Die vorangehenden, bereits übersetzten Seiten über die Aneignung der Vergangenheit blieben unklar, wie man sie auch drehte und wendete. Noch einmal schlug Perlmann die entscheidenden Wörter nach, schlüpfte in die Beispielssätze und experimentierte mit allen möglichen Kombinationen von Übersetzungen. Eine Weile erwog er für osvaivat’ sogar confer, das nur unter prisvaivat’ vorkam; es würde gut mit Leskovs Idee des Erfindens harmonieren. Am Ende strich er von den vielen notierten Alternativen jeweils alle bis auf eine aus und war unzufrieden, weil ein Gefühl des Willkürlichen zurückblieb.

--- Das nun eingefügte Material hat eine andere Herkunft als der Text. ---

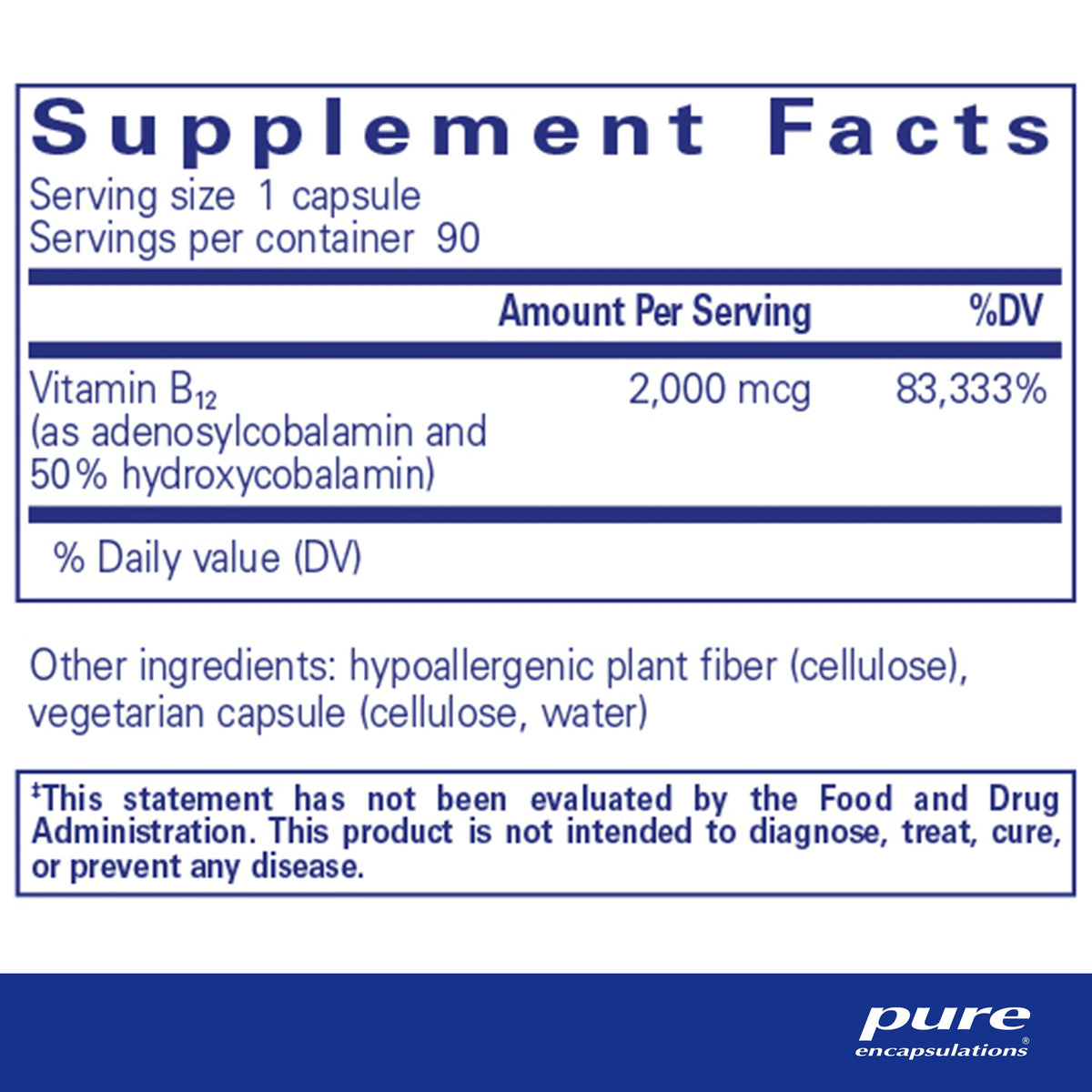 Pure Encapsulations Adenosyl/Hydroxy B12 90's - High-Potency B Vitamin - for Energy Metabolism & Neurological Support* - Brain Support Supplement* - Vegan & Gluten Free - 90 Capsules
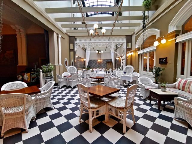 酒店中庭式餐厅和酒吧,餐食算不上多丰富,但味道不错。至于酒店的价格,我们住了四晚,每晚大约1000人民币左右,觉得挺值的。
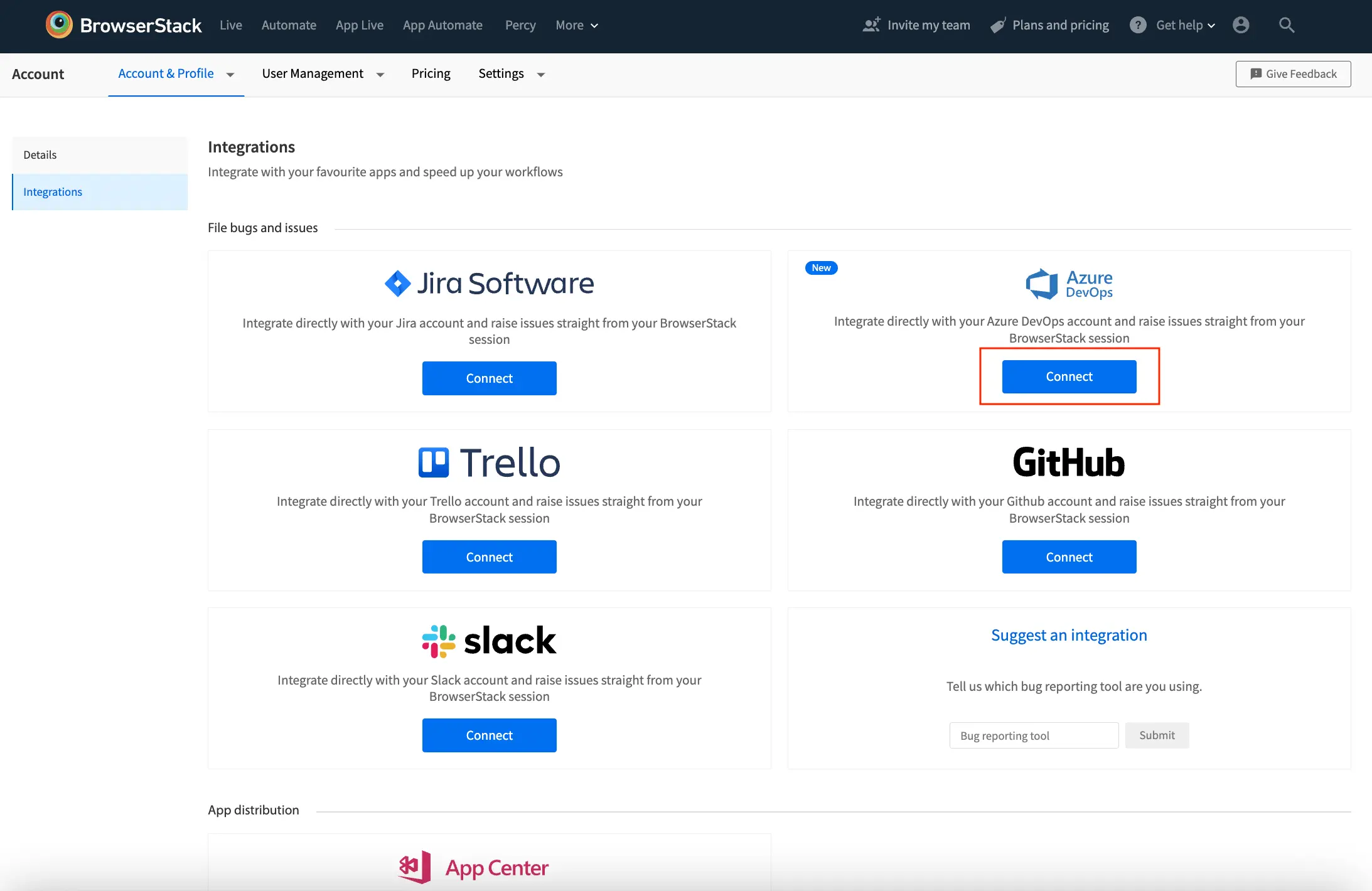 - Option 1: Integrate using your BrowserStack account Integrations page.
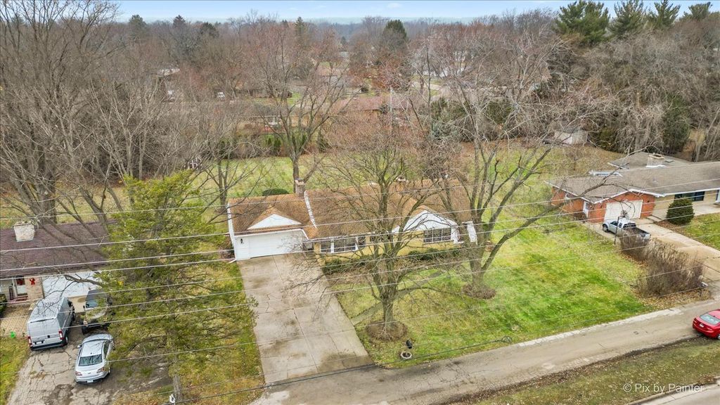 Expanded ranch with addition and partially finished attic offering over 2,200 sq ft of living space! Unfinished basement can add another 1,000 sf! Located in desirable Bonnie Dundee Terrace, just one block from Bonnie Dundee Golf Club. Within 1 mile to downtown East Dundee with various restaurants & year round activities/events & library. Minutes to main routes & I90 tollway! Well-maintained home situated on a spacious 1/2-acre+ lot with an attached 2-car heated garage and concrete driveway. Features include an enormous beamed family room with recessed lighting, fireplace, and access to the concrete patio. Dining room showcases hardwood floors, crown molding, a new light fixture, and a bay window with wall of windows. Kitchen with eating area offers recessed lighting, ceiling fan, white appliances / black dishwasher, reverse osmosis system, plus a convenient powder room nearby. A separate living room provides two bay window areas, fireplace, built-ins, ceiling fan, and access to the original front entry (2nd entrance). Hardwood floors throughout hallways and all three main-level bedrooms, each with ceiling fans. Completely updated in the last 3 years full bath features dark cabinetry, solid-surface vanity, modern lighting, porcelain flooring, and shower. Finished step-up attic offers potential for up to two additional bedrooms, two skylights, and abundant storage. Bright, partially finished basement includes laundry area, utility sink, and finished room with sink-ideal for a home salon, hobby room, or workspace. Perfect for a future full bathroom - stand alone shower is available to easily convert. Enjoy the expansive, private backyard-perfect for summer entertaining and outdoor activities. Home is set off on frontage road, so easy access to everything!
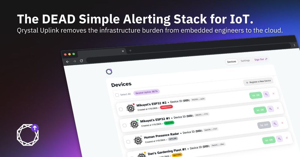 Qrystal Uplink is a fully managed cloud monitoring solution designed specifically for IoT device fleets. It eliminates the need for businesses to build and maintain their own monitoring infrastructure by providing a simple, reliable platform for device health tracking.
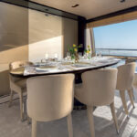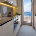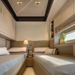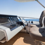 Of course, Azimut is now one of the most experienced and successful boatbuilders in Europe, and has been a dominant producer of this size motoryacht for decades. The new 80 is the latest in a very long line, and pretty much everything about it speaks of the shipyard’s expertise in balancing the realities of production-line economics with customers’ expectations of a bespoke finish. So things like the hardtop and hot tub are optional extras, along with the stabilizer system—you can have CMC fins or Seakeepers—and as for the engines, there’s a choice of just two. When it comes to the layout, what you see is pretty much what you get: a four-cabin boat with a midships master suite, the VIP in the bows, another double en suite and a twin cabin with an extra fold-down Pullman berth.
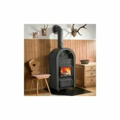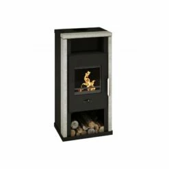 Kaminofen SCAN 85-1 Mit Niedrigem Sockel Und Niedrigen Top, Griffe Und Leisten Schwarz – 8 KW
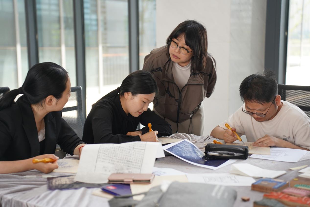 近年来,我校数字文创学院以文化引领,在推动非遗创造性转化、创新性发展的背景下,充分发挥非物质文化遗产与现代设计理念的结合优势。师生共同设计《大运河》《刻·印南城》等主题雕版,开发《金陵四方集》雕版主题文创产品。其中,《刻·印南城》以校园文化为主题,与非遗大师共同指导社团成员完成。指导教师与学生组建研究小组共同探讨设计方案,引导学生将非遗技艺融入雕版设计,运用藏书票和雕版印刷技艺聚焦传统文化,并创新发展新方向新形式。学校以美育浸润学生,全面提升学生文化理解、审美感知、艺术表现、创意实践等核心素养。技能大师工作室积极参加紫金奖·第四届中国(南京)大学生设计展、中小学生开放日等社会活动,现场展示传统雕刻、印刷技艺,并指导参观者体验印刷过程,激发大众对非遗的热情。系列活动有效传承、推广了雕版印刷技术,进一步拉近了雕版印刷技艺与人本的关系,让更多社会公众意识到传承的重要性和责任感。
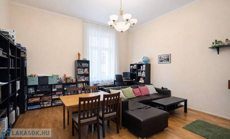 A lakás nagypolgári hangulata azonnal megfogja az embert: nagy ablakok, rengeteg természetes fény, kényelmes elosztás és a 3,5 méteres belmagasságnak köszönhetően, egy olyan tágasság, amit a modern újépítésűek már ritkán adnak.

Das helle Grau der Dämmerung sickerte in den Nebel, und die Lichthöfe der Laternen bekamen einen weißblendenden Glanz. Perlmann schichtete die handschriftlichen Blätter der Übersetzung sorgfältig auf. Siebenundachtzig Seiten. Auch Leskovs Text ordnete er und tat ihn dann in die untere Wäscheschublade. Dann wischte er mit dem Taschentuch den Staub vom Tisch und leerte den übervollen Aschenbecher. Die Übersetzung war fertig. Seine Übersetzung. Sie war fertig. Eine Erleichterung, ein gelungener Satz.
Zittrig bestellte er Kaffee und mußte sich dabei mehrmals räuspern. Er fror bei aufgedrehter Heizung, als er nachher den Kaffee in sich hineingoß. Von Zeit zu Zeit nahm er die Übersetzung in die Hand und blätterte ein bißchen, ohne zu lesen. Er würde sie Agnes nicht zeigen können. Er würde ihr nie mehr etwas zeigen können. Viertel vor neun wusch er die Augen aus, nahm von Levetzovs Texte unter den Arm und ging hinunter.
17
Als die anderen die Veranda betraten und Perlmann dort bereits sitzen sahen, brachen sie ihre Gespräche ab und kramten, kaum daß sie saßen, geschäftig in ihren Unterlagen. Perlmann nickte ihnen nur kurz zu und blätterte um.
«Dann also weiter mit dieser sonderbaren Wissenschaft», sagte von Levetzov aufgeräumt und faßte in wenigen Sätzen den nächsten Text zusammen.
Perlmann gewann den Kampf gegen die Müdigkeit. Es dauerte eine Weile, bis er das gestern nachmittag Gelesene unter den Erinnerungen an die Nacht hervorgezerrt hatte; doch dann lief sein Gehirn hinter der Müdigkeit wie ein geöltes Uhrwerk, und es gelangen ihm Beiträge, welche den Verlauf der Sitzung weitgehend bestimmten. Von Levetzov bat ihn mehrfach, einen Einwand zu wiederholen, und schrieb dann mit. Nur Millar blickte, wenn Perlmann sprach, mit demonstrativer Langeweile zum Fenster hinaus in den Nebel. Evelyn Mistral nahm öfter die Brille ab und hörte Perlmann mit dem Ausdruck eines Menschen zu, der sich über die Genesung eines anderen freut. Immer wenn er das bemerkte, beendete er seinen Beitrag früher als geplant.
«Na, Perlmann: wieder dabei bei der fröhlichen Wissenschaft?»scherzte von Levetzov beim Hinausgehen.
Perlmann schlief ein, kaum war er unter die Decke gekrochen. Kitty mit dem Bären im Arm fragte ihn lispelnd lauter Dinge, die er nicht wußte. Das einzige, was er wußte, war, daß der Flügel nicht mehr stand, wo er sonst immer gestanden hatte. In Berlin war er indessen auch nicht, da gab es nur Hörsäle mit Massen von Studenten, und wenn er heimkam und zum x-tenmal in den hohen, hallenden Räumen nach dem Flügel suchte, nickte Agnes pausenlos und riß lauter Kisten mit Material für die eigene Dunkelkammer auf.